> **Problem details**:
Everything in the listing except the pictures should be written out exactly.

-- Opening Marker --

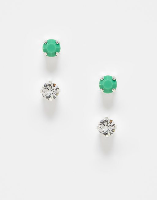 Krystal London - Pakke med to par ørestikker med ægte krystal i krystal og mintgrøn
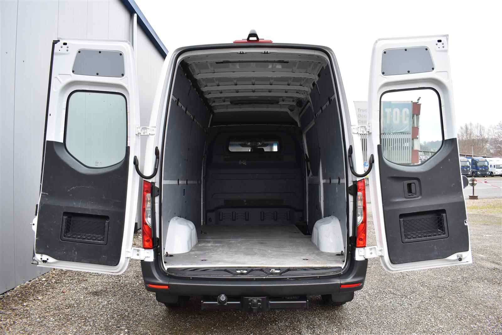 Klimaanlage, ABS, ASR, elektrische Fensterheber, Spiegel elektrisch verstellbar, Spiegelheizung, Zentralverriegelung (mit Funkfernbedienung), 3 Sitze vorne, Airbag Fahrer, Anhängerkupplung (mit 3'500 kg Anhängelast), ESP, Heckflügeltüren (mit Fenster), Holzfussboden, Multifunktionslenkrad, Rückfahrkamera, Schiebetüre rechts, Trennwand durchgehend (mit Fenster)
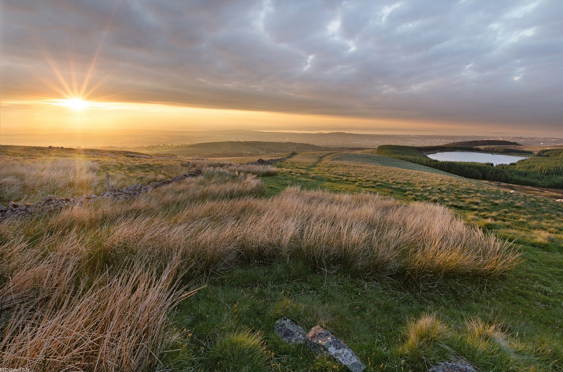 Amanecer en un campo de lavanda filmado en un ojo de pez
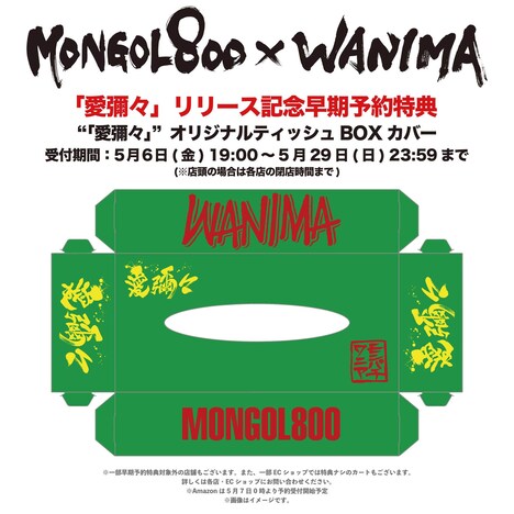 また2組によるツアー 「MONGOL800×WANIMA -愛彌々- TOUR 2022」が8月から9月にかけて行われることも決定。ツアーは8月15日の大阪・オリックス劇場から9月11日の沖縄・沖縄コンベンションセンターまで計5カ所で開催される。「愛彌々」には封入特典として本ツアーのチケットの先行抽選予約権が付属する。
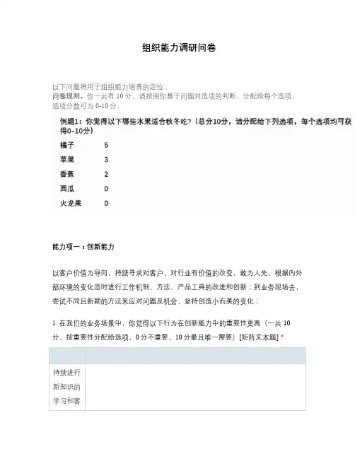 组织能力调研问卷以下问题将用于组织能力培养的定位;问卷规则,你一共有10分,请按照你基于问题对选项的判断,分配给每个选项,选项分数可为0-10分。
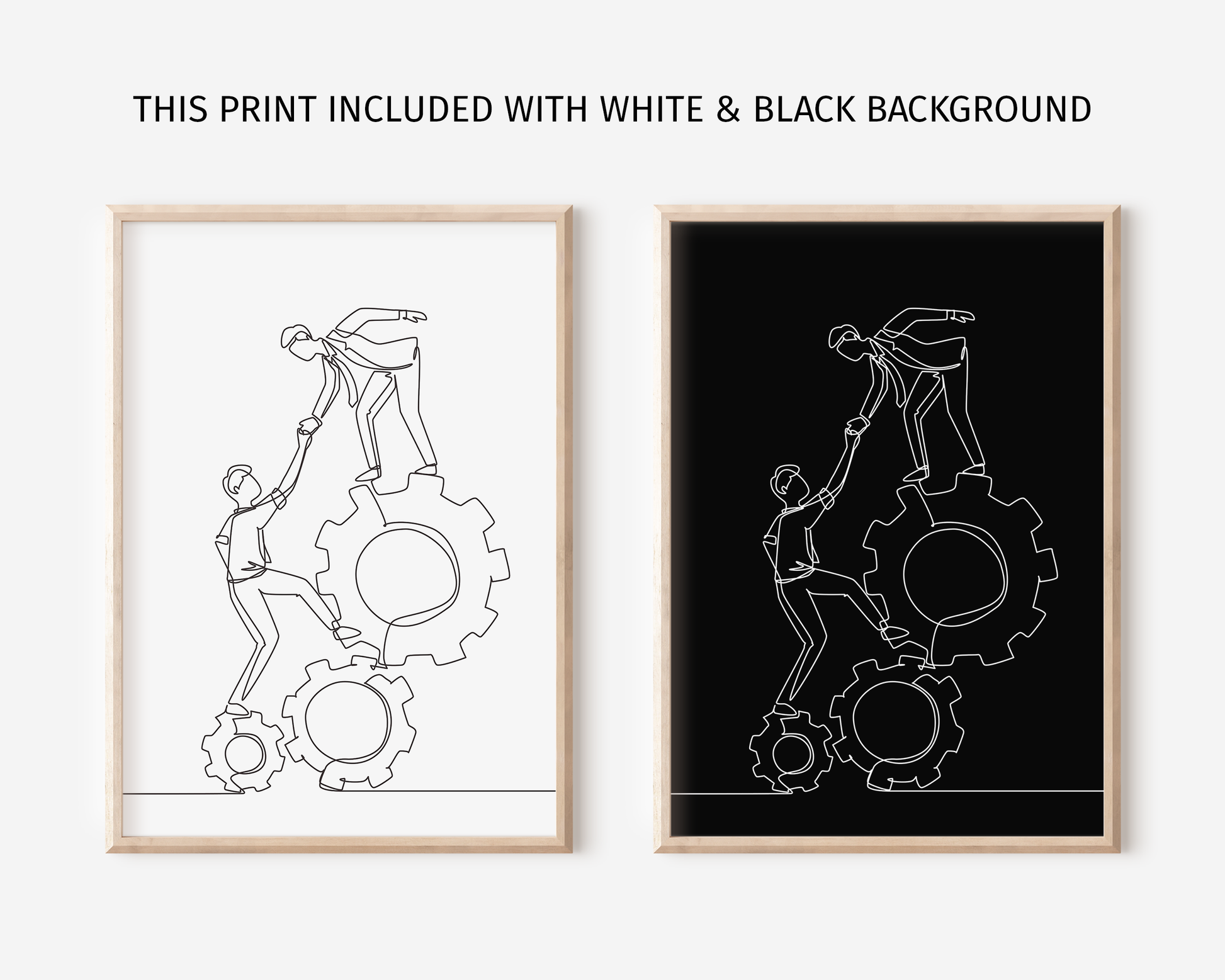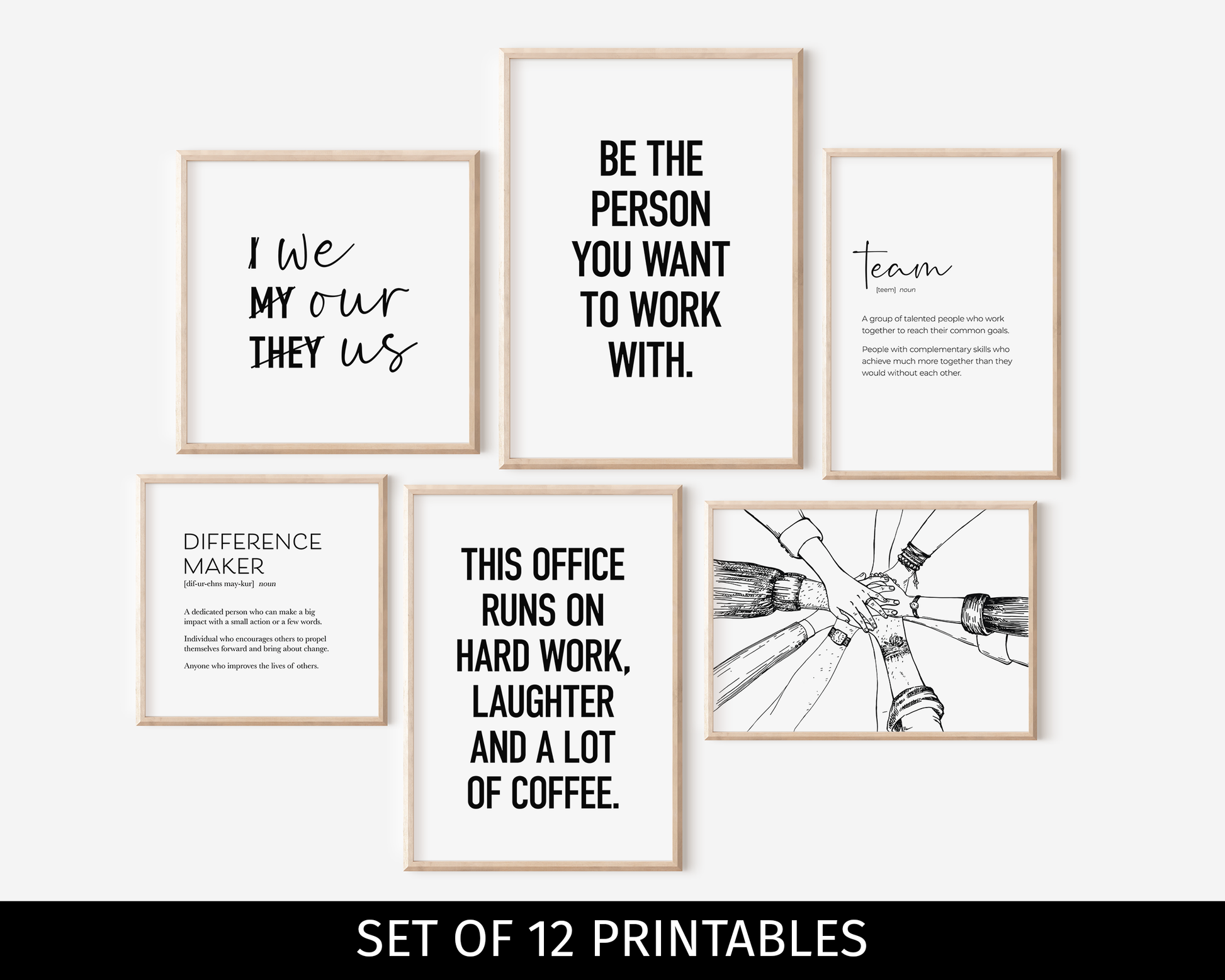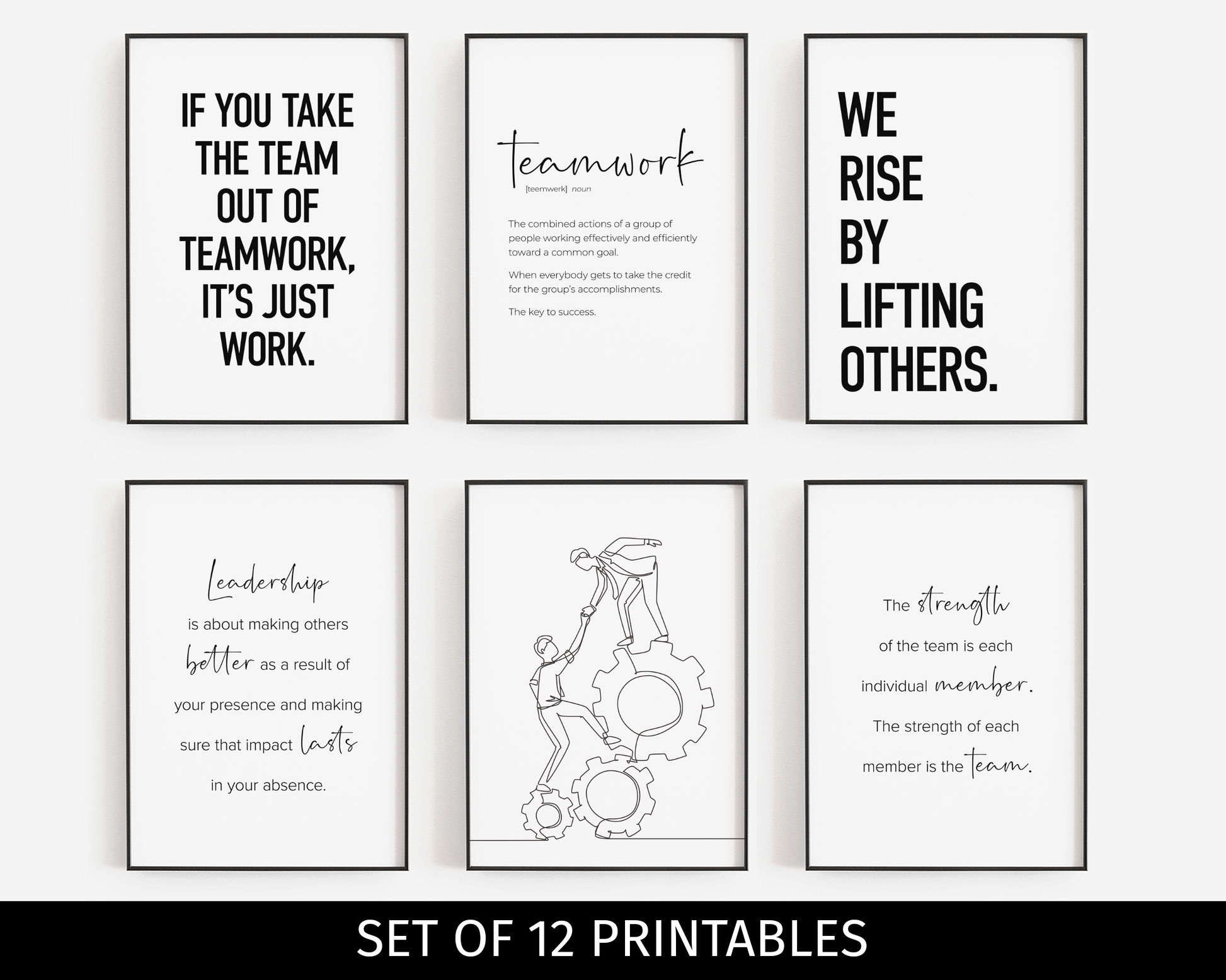PRINTABLE SET OF 12 PRINTS - Download and print this teamwork gallery set to update your office decor in minutes. The office wall art bundle includes 12 printables, including 7 motivational quotes, 3 definition posters, and 2 illustrations of hands stacked and team members working together. It would be a great addition to your home office or desk decor as a reminder to rely on your team and teamwork. The set includes 11 vertical prints and 1 horizontal print, all available in square format as well - make it yours to decorate your workplace in your own style and layout!
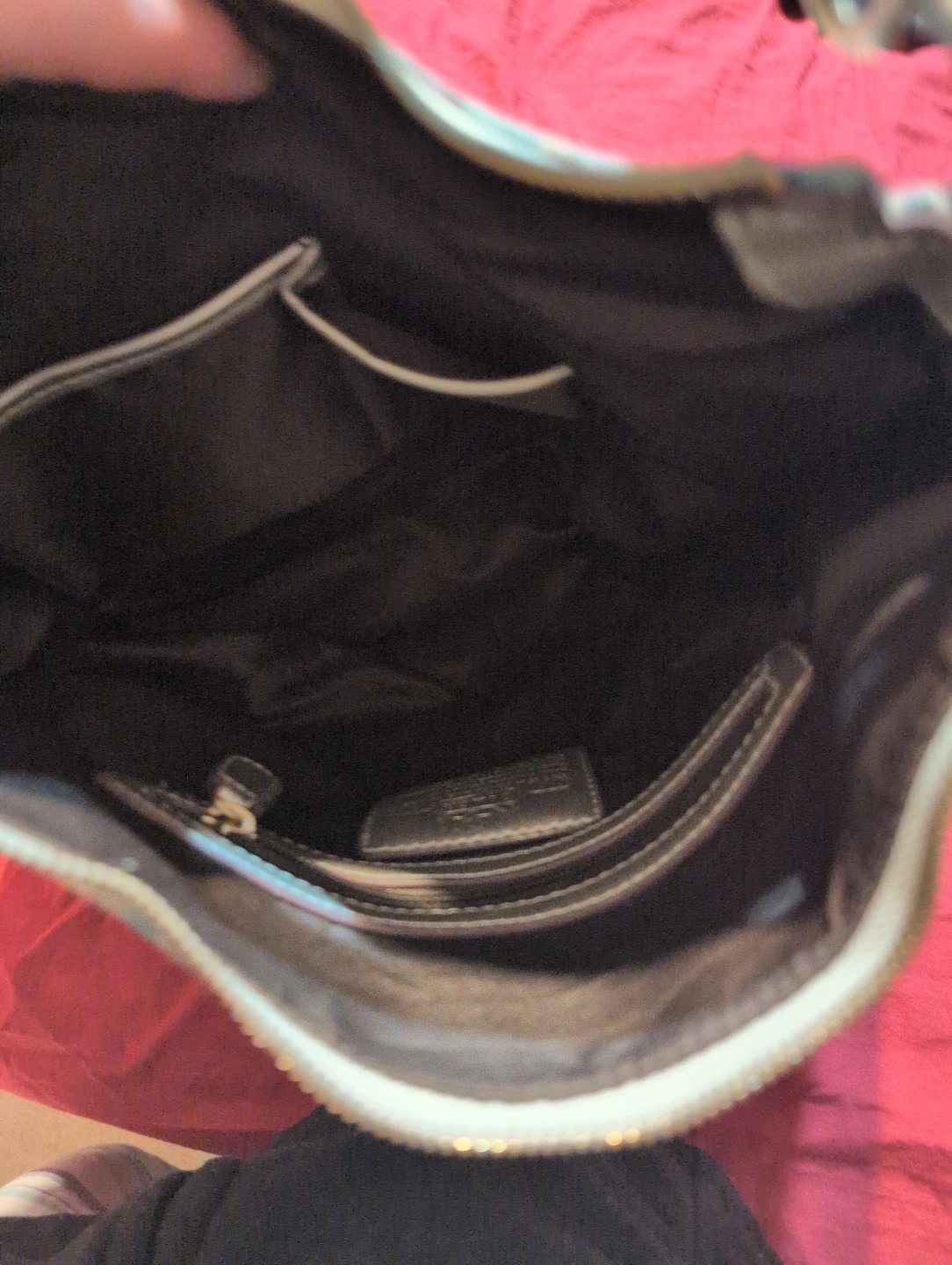 Selling a stylish Coach handbag featuring the signature 'C' print in shades of blue and grey. It's in good condition and has a silver-tone trim. Perfect for everyday use!

-- Closing Marker --

> **The completed task**:
 Krystal London - Pakke med to par ørestikker med ægte krystal i krystal og mintgrøn
 Klimaanlage, ABS, ASR, elektrische Fensterheber, Spiegel elektrisch verstellbar, Spiegelheizung, Zentralverriegelung (mit Funkfernbedienung), 3 Sitze vorne, Airbag Fahrer, Anhängerkupplung (mit 3'500 kg Anhängelast), ESP, Heckflügeltüren (mit Fenster), Holzfussboden, Multifunktionslenkrad, Rückfahrkamera, Schiebetüre rechts, Trennwand durchgehend (mit Fenster)
 Amanecer en un campo de lavanda filmado en un ojo de pez
 また2組によるツアー 「MONGOL800×WANIMA -愛彌々- TOUR 2022」が8月から9月にかけて行われることも決定。ツアーは8月15日の大阪・オリックス劇場から9月11日の沖縄・沖縄コンベンションセンターまで計5カ所で開催される。「愛彌々」には封入特典として本ツアーのチケットの先行抽選予約権が付属する。
 组织能力调研问卷以下问题将用于组织能力培养的定位;问卷规则,你一共有10分,请按照你基于问题对选项的判断,分配给每个选项,选项分数可为0-10分。
PRINTABLE SET OF 12 PRINTS - Download and print this teamwork gallery set to update your office decor in minutes. The office wall art bundle includes 12 printables, including 7 motivational quotes, 3 definition posters, and 2 illustrations of hands stacked and team members working together. It would be a great addition to your home office or desk decor as a reminder to rely on your team and teamwork. The set includes 11 vertical prints and 1 horizontal print, all available in square format as well - make it yours to decorate your workplace in your own style and layout!
 Selling a stylish Coach handbag featuring the signature 'C' print in shades of blue and grey. It's in good condition and has a silver-tone trim. Perfect for everyday use!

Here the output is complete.